動機づけ面接とは、ひとつの方言である。他のカウンセリング技法をする人と同様、動機づけ面接を行う人はバイリンガルとなる。ここで言うバイリンガルとは「もっとも自然な話し方以外の話し方を、意識してする人」という意味である。


今回もまたまた書籍から動機づけ面接の話をする。『よけいなひと言を好かれるセリフに変える言いかえ図鑑』という本を買った。実は、この本の動機づけ面接版を作りたいと思っていたのだ。意識して言葉を選ぶ、というテーマに合致しているからである。

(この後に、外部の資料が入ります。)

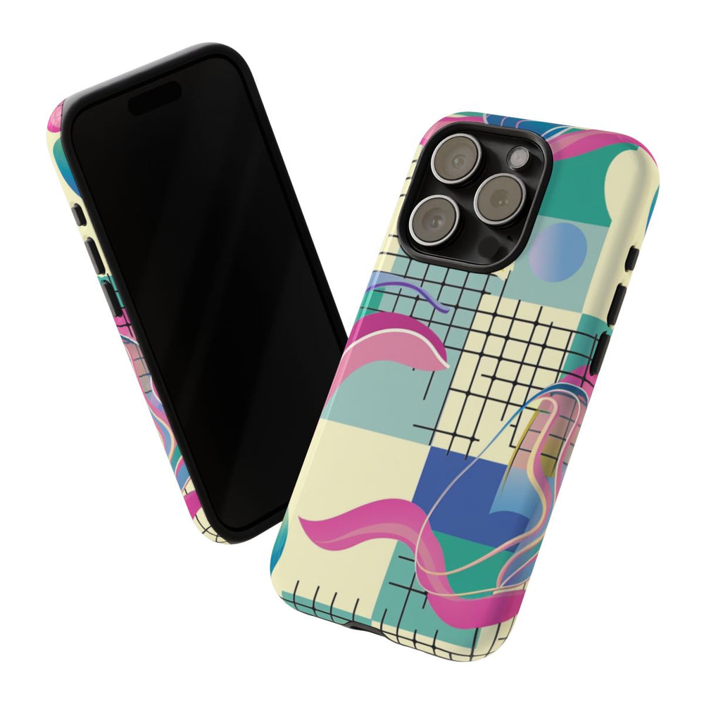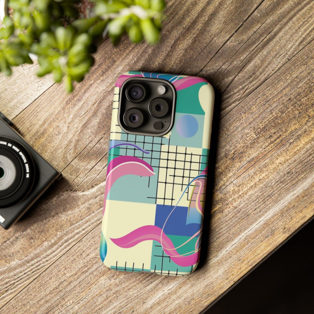 Dit telefoonhoesje heeft een opvallend abstract geometrisch ontwerp met een speelse mix van vormen en kleuren. Je ziet onder andere blauwe en gele bollen, roze en paarse linten en zwarte rasterlijnen op een achtergrond van crème, blauwgroene en blauwe vlakken. Het patroon is dynamisch en levendig, met een combinatie van vloeiende lijnen en strakke rasters. Het hoesje heeft een glanzende afwerking en bestaat uit een stevige dubbele laag van een polycarbonaat buitenkant en een TPU-binnenzijde. Dit zorgt voor extra stevigheid en bescherming, terwijl draadloos opladen gewoon mogelijk blijft.
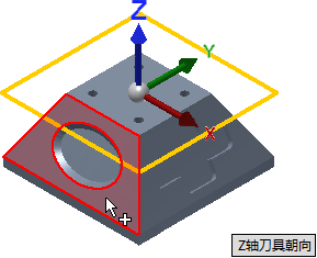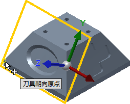 接下来,在零件的倾斜面上设置刀具朝向和原点。

たとえば『よけいなひと言を好かれるセリフに変える言いかえ図鑑』には、

「早くしなさい」

「宿題は30分で終わらせようね」

といった言いかえ例が載っている。カウンセリングでも同様で、「より好ましい言い方」というものはあり、スーパーバイズなどでもこのようにある言い方を別の言い方に変える提案をされることがある。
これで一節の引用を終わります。